Friday, July 24, 2009
A recent decision from the New York Appellate Division for the Second Judicial Department demonstrates the worst possible way to deal with an instance of neglect. The charges and disposition are described by the court:
In or about June 2002, the respondent, as an associate with the law firm of Weinberg & Kert LLP, prepared a summons and complaint on behalf of a client, Howard Kaufman, which was signed solely by Mr. Kaufman, who was ostensibly proceeding pro se. In or about July 2002, the respondent caused the summons and complaint to be filed in the Supreme Court, Queens County, and served on the defendants on Mr. Kaufman's behalf.
In or about October 2002, Mr. Kaufman advised the law firm that the defendants had not answered the summons and complaint. The law firm directed the respondent to prepare, serve, and file motion papers on Mr. Kaufman's behalf seeking to adjudicate the defendants in default. In or about November 2002, the respondent prepared the motion papers, including Mr. Kaufman's affidavit, but failed to have those motion papers filed and served.
Charge two alleges that the respondent engaged in conduct involving dishonesty, fraud, deceit, or misrepresentation by creating fictitious court documents and providing them to a client for the purpose of misleading the client about the status and progress of his lawsuit, in violation of Code of Professional Responsibility DR 1-102(a)(4).
In or about May 2003, Mr.
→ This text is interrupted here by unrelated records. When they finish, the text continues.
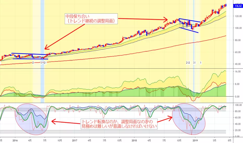 中段保ち合いのパターンを知ることや、そこでの大循環ストキャスをどう使うかなどなど。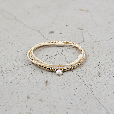 Organic texture meets timeless charm in the Drifter Pearl Bracelet. A strand of gleaming gold-toned beads is gently intertwined with soft cream cord, creating a tactile contrast that feels both grounded and refined. At its heart, a single pearl charm dangles like a quiet treasure—symbolizing serenity, wisdom, and the beauty of simplicity.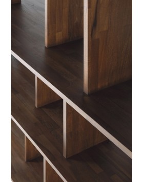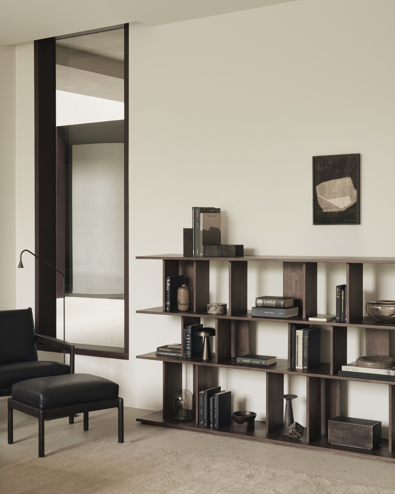 Celebrando la simplicidad rítmica. La estantería Irregular no es tan solo una solución de almacenamiento. También puede usarse como una elegante y práctica estantería en una pared, o como un sofisticado separador de ambientes con un toque distintivo, ya sea de forma individual o en grupo para completar un espacio.

Kaufman contacted the law firm to inquire about the status of his lawsuit. The respondent thereafter began creating fictitious court documents, which he provided to Mr. Kaufman over a period of time, for the purpose of misleading him as to the status and progress of his lawsuit. The fictitious court documents which respondent created and provided to Mr. Kaufman included (a) a short form order dated April 23, 2003, issued and signed by the Honorable M. Ritholtz, granting Mr. Kaufman's motion for a default judgment and referring the issue of damages to an inquest, (b) the defendant's order to show cause, signed by the Honorable M. Ritholtz on September 12, 2003, seeking to set aside the default judgment, accompanied by defense counsel's signed affirmation and the defendant's signed, but not notarized, affidavit, (c) the respondent's affirmation in opposition to the defendant's order to show cause, dated October 8, 2003, (d) a preliminary conference stipulation and order dated March 17, 2004, signed by the respondent and defense counsel, and (e) a notice of compliance/settlement conference scheduled for October 21, 2004, before the Honorable M. Ritholtz.
Charge three alleges that the respondent engaged in conduct that adversely reflects on his fitness as a lawyer by creating fictitious court documents and providing same to a client for the purpose of misleading the client about the status and progress of his lawsuit, in violation of Code of Professional Responsibiilty DR 1-102(a)(7), based on the factual specifications of charge two.
Based on the respondent's admissions to the factual allegations in the three charges and the evidence adduced at the hearing, the Special Referee erred in failing to sustain charge one. Accordingly, the Grievance Committee's motion to confirm in part and disaffirm in part the report of the Special Referee should be granted, with the result that all three charges of the petition are sustained.
In determining an appropriate measure of discipline to impose, the Grievance Committee notes that the respondent has no prior disciplinary history.
In mitigation, the respondent asked the Court to consider the treatment he underwent to deal with his anxiety disorder, his youth and inexperience, his efforts to address the issues and to voluntarily remove himself from the practice of law until such time as remedial measures could assure the non-recurrence of similar behavior, and the absence of financial harm to the client, to whom full restitution was made. The client demanded, and was paid, $7,500 to resolve his claims against the law firm. The respondent paid $6,500 of that sum. In the respondent's view, the restitution paid far exceeded any anticipated award by the courts.